What Actually Drives Cybersecurity Behavior Change? According to Real Hoxhunt Data

For years, the default answer to the 'human problem' in cybersecurity was simple: tell people what not to do.

So thats what we did: produced videos, built e-learnings, rolled out annual compliance trainings. We taught the right facts. We explained the risks. We asked people to remember them.

But knowing isn’t doing. And doing isn’t sustaining. If the goal is to actually reduce human risk (e.g. cut down on real-world incidents, shift the cultural default toward secure behavior) we have to move past seeing awareness as the finish line.

Most people already know security matters. Most people know what phishing is. And yet we still see the same mistakes - credentials reused, emails clicked, reports delayed.

This isn’t a knowledge gap. It’s a behavior gap.

To close it, we need a shift in mindset. From education to enablement. From compliance to culture.

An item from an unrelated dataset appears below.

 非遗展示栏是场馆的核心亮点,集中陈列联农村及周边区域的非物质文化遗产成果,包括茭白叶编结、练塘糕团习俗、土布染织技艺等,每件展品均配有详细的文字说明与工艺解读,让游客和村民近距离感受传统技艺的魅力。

From telling people what not to do… to helping them want to do the right thing, at the right moment, without friction.

We covered everyhting you need to know about chnaging employee behavior on the All Things Human Risk Management Podcast.

‍

Awareness isn’t the problem anymore

Back in the early 2000s, people didn’t even know what phishing was. There was a time when security awareness training programs were critical just to explain what a virus is or why strong passwords matter.

Today, most employees already know cybersecurity threats are real. They’ve taken training. They understand phishing attacks exist.

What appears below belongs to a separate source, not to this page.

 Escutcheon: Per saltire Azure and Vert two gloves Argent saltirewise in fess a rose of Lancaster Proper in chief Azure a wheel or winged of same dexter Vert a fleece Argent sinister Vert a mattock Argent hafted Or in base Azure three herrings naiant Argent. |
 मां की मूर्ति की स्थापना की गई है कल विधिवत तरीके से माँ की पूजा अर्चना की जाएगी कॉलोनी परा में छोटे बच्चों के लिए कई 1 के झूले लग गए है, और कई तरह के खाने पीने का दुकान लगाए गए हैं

Despite decades of training, the percentage of breaches involving the human element hasn't really gone down. This is supported by countless reports. Verizon's latest Data Breach Investigations Report estimates that 60% of data breach incidents are due to human error.

The human element is the biggest risk. And not because people don’t know the rules. It’s because we haven’t changed their habits.

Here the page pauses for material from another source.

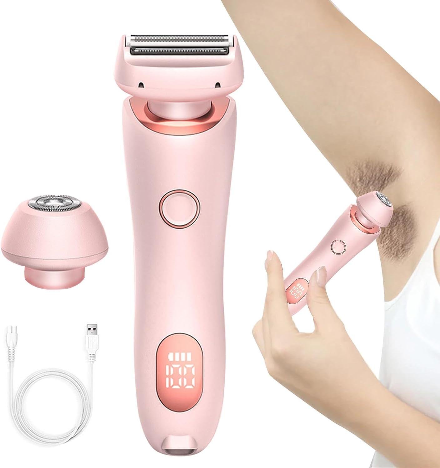 Rasoir Femme, Rasoir Intime Femme 2 en 1 Rasoir électrique étanche, épilateur sans douleur, épilateur sans fil humide/sec

We've done security awareness for a long time. But what we've seen is that it doesn't work - or it has at least a limited impact. Knowledge is not enough. It's not because you know about something that you're going to change your habits.

Behavior isn’t just downstream of information - it’s shaped by environment, incentives, ease, and timing. So if we want to fix the human side of cyber risk, we can’t stop at awareness. We have to do the harder work: helping people build habits. Helping them act, not just know.

‍

Behavior change starts where compliance stops

Let’s be clear: compliance is not the enemy.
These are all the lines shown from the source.